[THE DATA Boundary: Start]

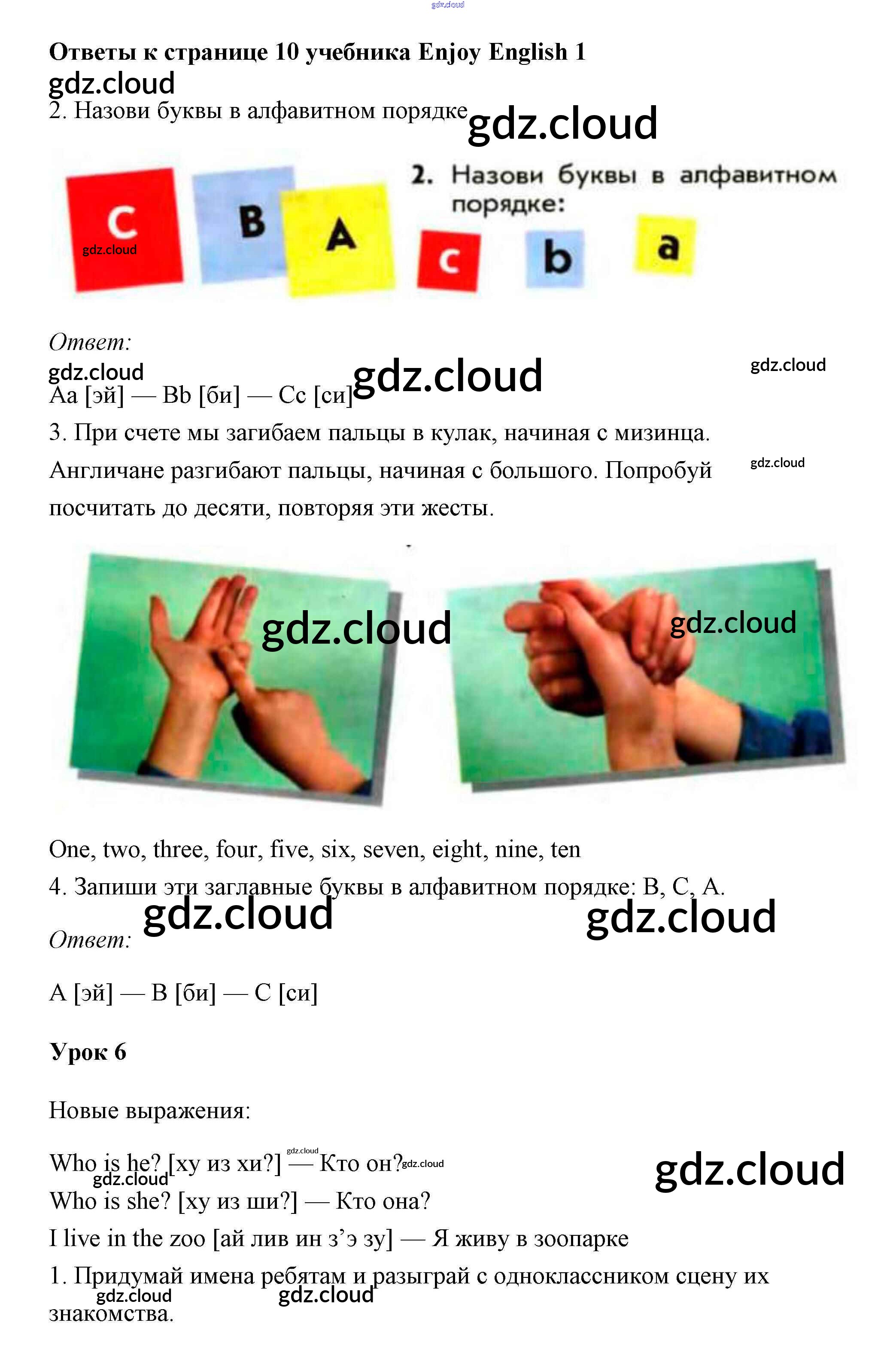 Ответ на задание 10 Учебник Английский язык за 1 (первый) класс Биболетова, Добрынина, Ленская Enjoy English 2010 онлайн и без номера телефона.
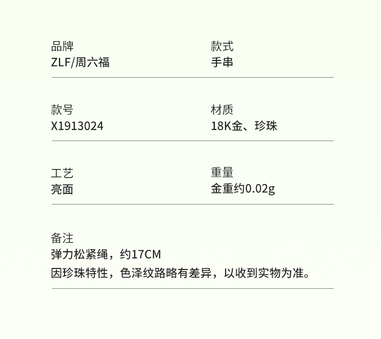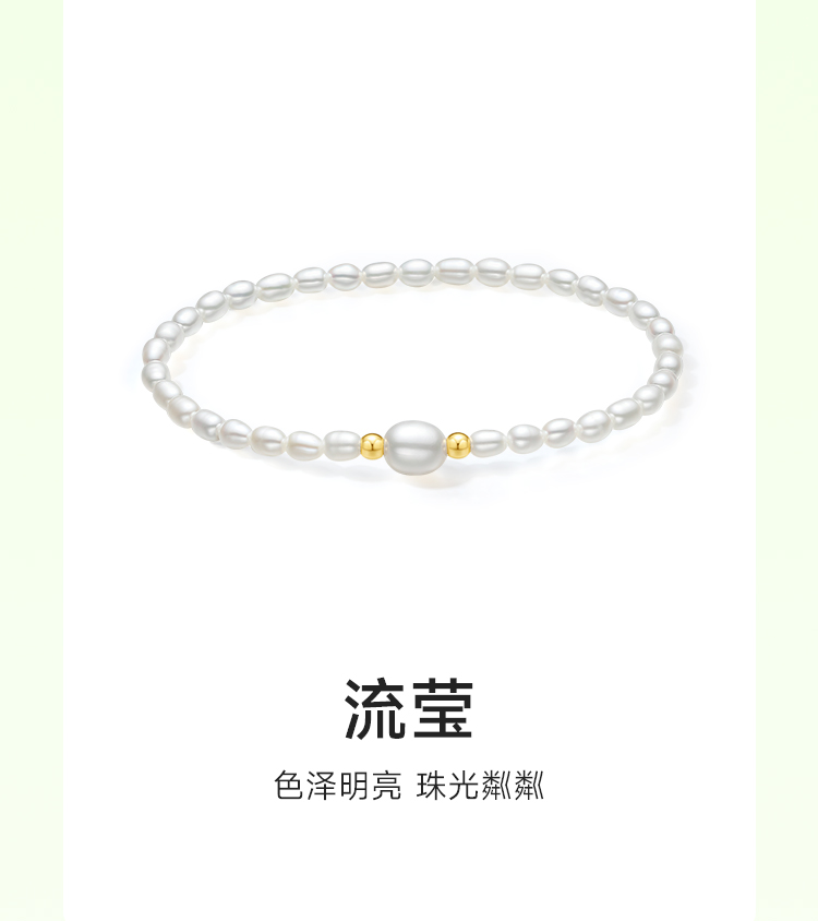 周六福18K金珍珠手串女款流莹优雅精致时尚小米珠小巧送女友礼物
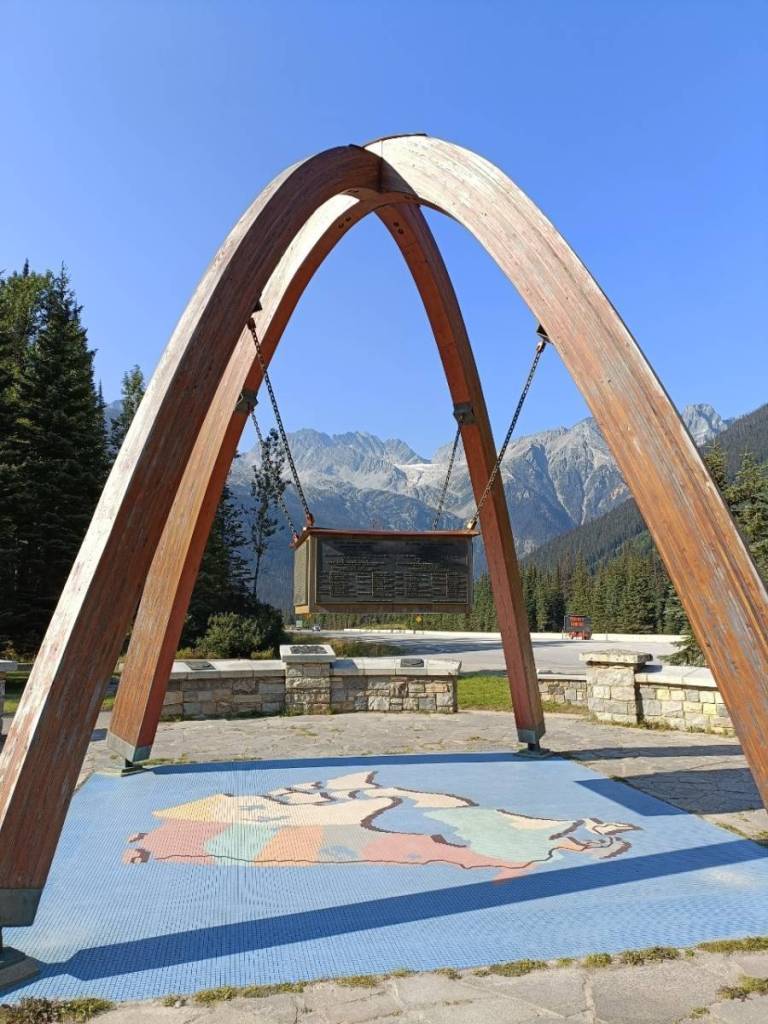 不到10分鐘,來到「羅傑士峽道紀念拱門」(Rogers Pass Memorial Park),難得經過就進來看一下吧!這裡也是「楓葉一號」公路的最高點,海拔1,327公尺。
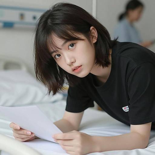 Bright photograph of a woman in her 30s with a psychiatrist in his 50s, sitting in a lounge with a medical catalog, teal and white colors in a healthcare setting, sharp and detailed, bright lighting, magazine-quality, 4k high resolution.

[THE DATA Boundary: End]

### TRY IT
The data should be printed again unchanged; leave its pictures out.

### RESPONSE TO THIS EXERCISE
 Ответ на задание 10 Учебник Английский язык за 1 (первый) класс Биболетова, Добрынина, Ленская Enjoy English 2010 онлайн и без номера телефона.
 周六福18K金珍珠手串女款流莹优雅精致时尚小米珠小巧送女友礼物
 不到10分鐘,來到「羅傑士峽道紀念拱門」(Rogers Pass Memorial Park),難得經過就進來看一下吧!這裡也是「楓葉一號」公路的最高點,海拔1,327公尺。
 Bright photograph of a woman in her 30s with a psychiatrist in his 50s, sitting in a lounge with a medical catalog, teal and white colors in a healthcare setting, sharp and detailed, bright lighting, magazine-quality, 4k high resolution.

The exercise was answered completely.